We're planning to add more specialized routes in the future – maybe /llms-small.txt for agents with smaller context windows, or course-specific routes for more focused interactions. We will also bring this over to the official Sanity documentation.

Since we built this on top of Sanity's structured content, adding new formats is just a matter of creating new serializers. No content duplication required!

Want to see it in action? Head over to sanity.io/learn/llms.txt (and /llms-full.txt) and bring the content into your favorite AI assistant. Hopefully, it will output better code. You can probably also ask it to adapt framework-specific course content to other frameworks with more luck.

From plain text to semantic knowledge: The future of Agent Experience

While our current implementation of /llms.txt delivers immediate value, I believe we're just scratching the surface of what's possible when structured content meets AI consumption.
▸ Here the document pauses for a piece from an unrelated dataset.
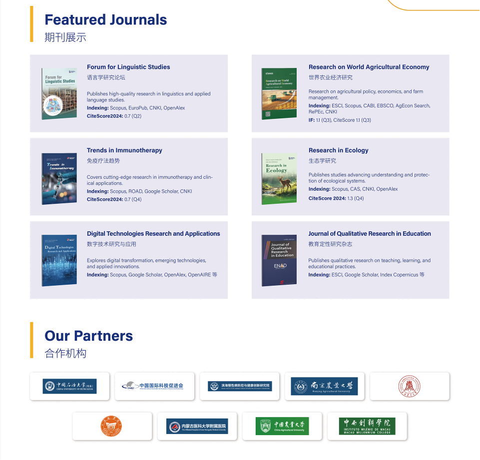 At present, the Group administers over 50 open access journals, spanning disciplines including environmental science, agriculture, engineering, medicine, linguistics, and education. It has aggregated more than 2,000 experts and over 60 academic leaders globally, with a number of its journals indexed in databases such as SCI, ESCI, and Scopus. The Group also maintains in-depth collaboration with international academic platforms like Crossref, Google Scholar, CABI, CAS, and EBSCO, so as to continuously facilitate the global dissemination of scientific research outputs.
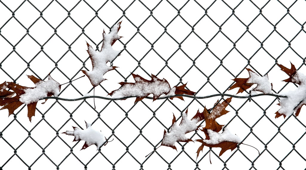 Snow covered leaves line a fence on Atlas Road in Coeur d’Alene on Monday. (SR photo: Kathy Plonka)

The true evolution will come when LLMs can not only read our content but understand its structure, relationships, and intent. Imagine if instead of dumping thousands of tokens of plain text into a context window, an AI agent could:

  • Query our content API directly with specific questions.
  • Understand the relationships between concepts, components, and pattern.
  • Access versioned documentation that matches the exact version of the tool a developer is using.
  • Receive real-time updates when best practices change.

This future isn't as far off as it might seem. The same structured content principles that power Sanity could be extended to create knowledge graphs and semantic APIs specifically designed for AI consumption. Just as REST APIs evolved to GraphQL and GROQ for more flexible querying, we may see the emergence of "AI-native" content interfaces that bridge the gap between human-readable documentation and machine-actionable knowledge.

For now, our /llms.txt implementation serves as an important stepping stone - making our content more accessible while we work toward more sophisticated approaches to Agent Experience. The beauty of building on Sanity's structured foundation is that we can evolve our approach without having to rebuild from scratch.

Making developer education AI-ready (and human-friendly, too!)

As we've seen, making our Learn platform more "agent-friendly" wasn't just about dumping content into a text file and pushing it to git – it required some consideration of content structure and proper markdown serialization. By implementing these /llms.txt routes in React Router 7, we're not only making our content more accessible to AI agents but also future-proofing our platform for the evolving landscape of developer education.

The best part? Since we're building on top of Sanity's structured content approach, adding new serialization formats or adapting to emerging AI content standards becomes a matter of extending our existing patterns rather than rebuilding from scratch. And since it's generated on demand from the same source, there no copy-pasting content, either!

As the relationship between developer tools and AI continues to evolve, we're curious to see how this enhanced agent experience will help developers learn and build with Sanity more effectively. Tell us if you have found it helpful!

After all, great educational content should work whether you're a human or an AI—and now ours does for both.